Лицом к счастью (Доналд) - страница 40

Гизелла видела смятение в глазах Беллы Адамс и боялась стать похожей на нее. Ведь рано или поздно ее место займет другая женщина, как она заняла место Беллы. И Роман даже не попытается смягчить удар, как накануне он просто проигнорировал свою бывшую любовницу, которая рискнула ему докучать.

Без спешки Гизелла приняла душ в его роскошном пентхаусе, высушила и расчесала волосы, позавтракала, оделась во вчерашнее, за исключением экстрамодных перчаток. Свеженькая, без макияжа, она направилась к выходу, но помедлила. Взяла фирменный бланк отеля для писем и размашисто начертала:


Спасибо за чудную ночь, и прощай. Нам лучше больше не видеться.


Она еще некоторое время раздумывала, оставлять ли такую записку. Но рассудила, что это самое верное. Если он захочет быть с ней, то сможет ее отыскать, где бы она ни находилась, для этого у него есть все необходимое. Ему известно ее имя, он знает имя ее сестры. Но если она надеется на то, чему просто не суждено быть, то сделает этим лишь хуже самой себе.

Исходя из этих соображений, Гизелла решительно положила записку на видное место на столике в холле пентхауса и, покинув номер, отправилась на Северное побережье к Мауре.

Единственное, что ей не давало покоя, — невозможность с кем-либо обсудить новый опыт и новые переживания. От бабушки она привыкла слушать только мудрые советы и наставления. А сокровенным могла поделиться только с сестренкой Лолли. Но Леола была далеко, а тема — слишком щекотливая, чтобы обсуждать ее по телефону.

Она даже испытывала некоторый гнев оттого, что первый же ее серьезный роман оказался таким негладким. Его даже романом нельзя было назвать. А если она расскажет обо всем бабушке, то та даже вольна будет счесть поведение внучки аморальным. У самой Гизеллы не было твердого мнения, как к этой истории с заморским принцем следует относиться.

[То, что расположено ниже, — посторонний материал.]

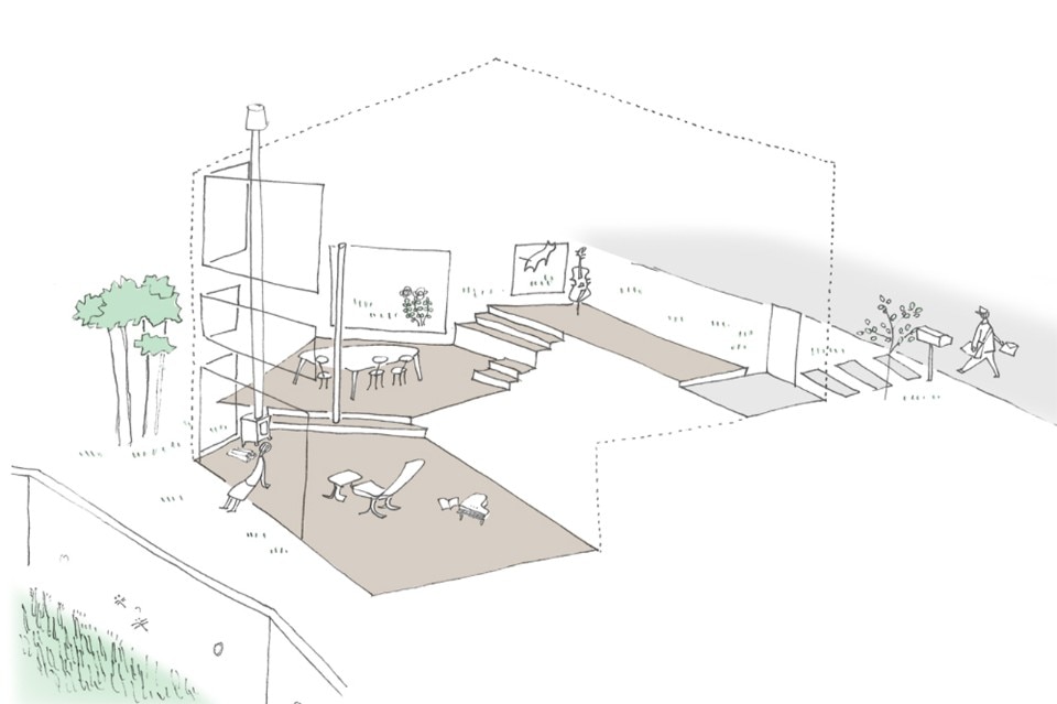 Il piano crea un senso di espansione spaziale abbassando gradualmente il livello del pavimento, sfruttando il dislivello di 1,4 metri del sito. Ogni differenza di livello dei piani è stata impostata in modo da poter essere usata anche come seduta.

Гизелла злилась в первую очередь на саму себя, поскольку сердиться на бьющую энергией стихию, каковой ей виделся Роман Магнати, было бесполезно. Этой стихии можно было только противостоять, что она и делала, без всякой надежды направить развитие событий по приемлемому для самой себя руслу. То, что Роман живет в полном согласии со своими холостяцкими представлениями, у Гизеллы не было никаких сомнений. Навязать что-либо такому человеку не представлялось возможным. Тем более что у Гизеллы и не возникало такого желания, поскольку в мечтах она лелеяла идею абсолютной обоюдности порывов. Но и запретить себе любить этого повесу она тоже не могла.

Именно любить — теперь Гизелла знала точно, что испытывает к Роману это священное чувство. И без него она бы не позволила себе уйти так далеко.